Alrighty I'll start with 1 amazon sword in that tank instead of all three of them. I got the 10" melon sword intentionally at first for my 20 gal tall because of the flat rate shipping of $7.50. I also didn't think the swords would take off very fast and they would be slow growing so I would be able to move one of them to my other tanks. Mostly because I don't own fast growing plants other then my aracharis. I can see that I'm wrong with that and thus I apologize for the problems and confusion that has caused.


----------



## Oldfishlady (Mar 1, 2010)

Plant growth can be much faster in soil based tanks....all those nutrients in the soil-plus the added decomp from decaying plant material- creates compost of sorts and even more food along with the CO2 that decomp creates in soil based tanks...plant growth can be different as compared to plain gravel, sand and even plant specific substrates IME and I have done them all....laffs.....

I wouldn't use an airstone but only because it can drive off CO2...sponge filter would be better and canister even better since you can move the outflow arm so that it stays under water....... this can give a nice effect too....plants swaying......

Since you are in the US....look at Dr Foster and Smith....I just got the new catalog today and WOW.....big Sale going on right now and with free S/H for orders over $49.00...I have been wanting to try one of the LED lights and they are on sale...so I just might have to get one and setup a new experiment......a good canister filter for planted tanks is the Rapids mini for $25.59......I got 2 of them a while back when on-sale for $19.00 and very happy with them and the API master test kit is on-sale for $19.19 too and really good to have on hand...lots of stuff...wish I had more money to spend...lol.....


----------



## Bettawolf19 (Jul 15, 2010)

Oldfishlady said:


> Plant growth can be much faster in soil based tanks....all those nutrients in the soil-plus the added decomp from decaying plant material- creates compost of sorts and even more food along with the CO2 that decomp creates in soil based tanks...plant growth can be different as compared to plain gravel, sand and even plant specific substrates IME and I have done them all....laffs.....
> 
> I wouldn't use an airstone but only because it can drive off CO2...sponge filter would be better and canister even better since you can move the outflow arm so that it stays under water....... this can give a nice effect too....plants swaying......
> 
> Since you are in the US....look at Dr Foster and Smith....I just got the new catalog today and WOW.....big Sale going on right now and with free S/H for orders over $49.00...I have been wanting to try one of the LED lights and they are on sale...so I just might have to get one and setup a new experiment......a good canister filter for planted tanks is the Rapids mini for $25.59......I got 2 of them a while back when on-sale for $19.00 and very happy with them and the API master test kit is on-sale for $19.19 too and really good to have on hand...lots of stuff...wish I had more money to spend...lol.....

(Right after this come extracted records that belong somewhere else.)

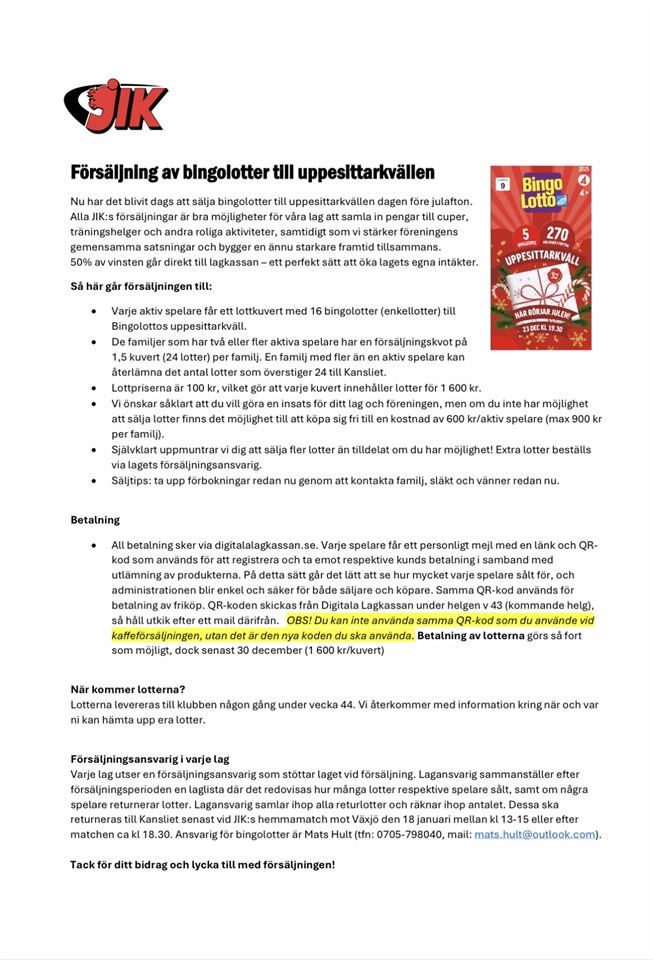 Klicka på bekräftelselänken i det mejl vi skickat dig för att börja ta emot uppdateringar från Jönköpings IK P16.
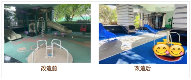 针对老旧的娱乐设施,物业服务团队将其拆除并重新添置安装,满足居民休闲需要,为居民创造更宜居的生活环境。
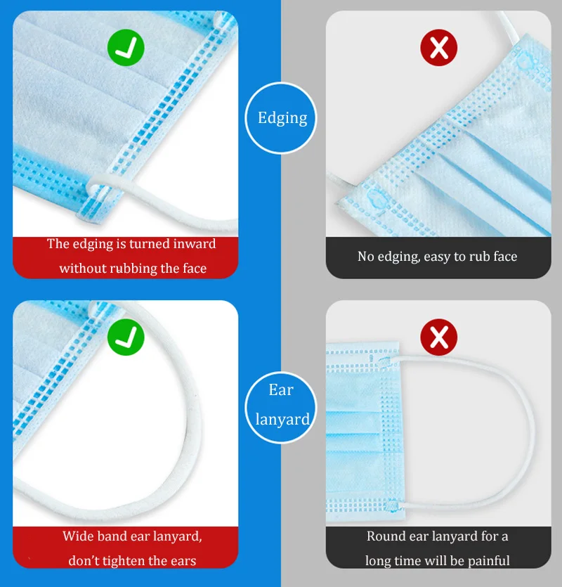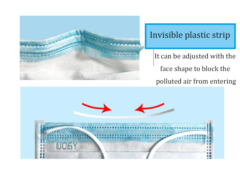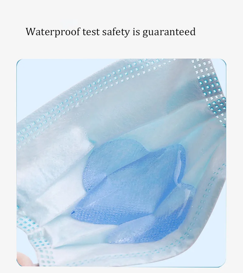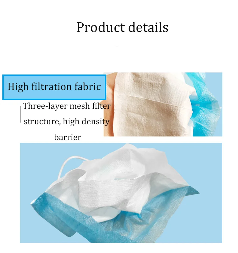 1. Три слоя защиты: нетканый наружный слой + медицинский мелтдутый слой для фильтра + Антибактериальный нетканый внутренний слой.

I knwo theres a filter that some use on here that allows you to adjust your power on your filter but I'll find something lol that Rapid's Mini filter looks scary in the picture XD I already have the API Master kit(got it for my birthday last year lol for 32 something). If anything I go for a sponge filter because I was originally gonna get one though I have to order it online because noone carries them anywhere near me. -sighs- the things I do for my fish lol. I easily have over $500 bucks invested in my fish. and I've only owned Bettas for a little under 2 years XD


----------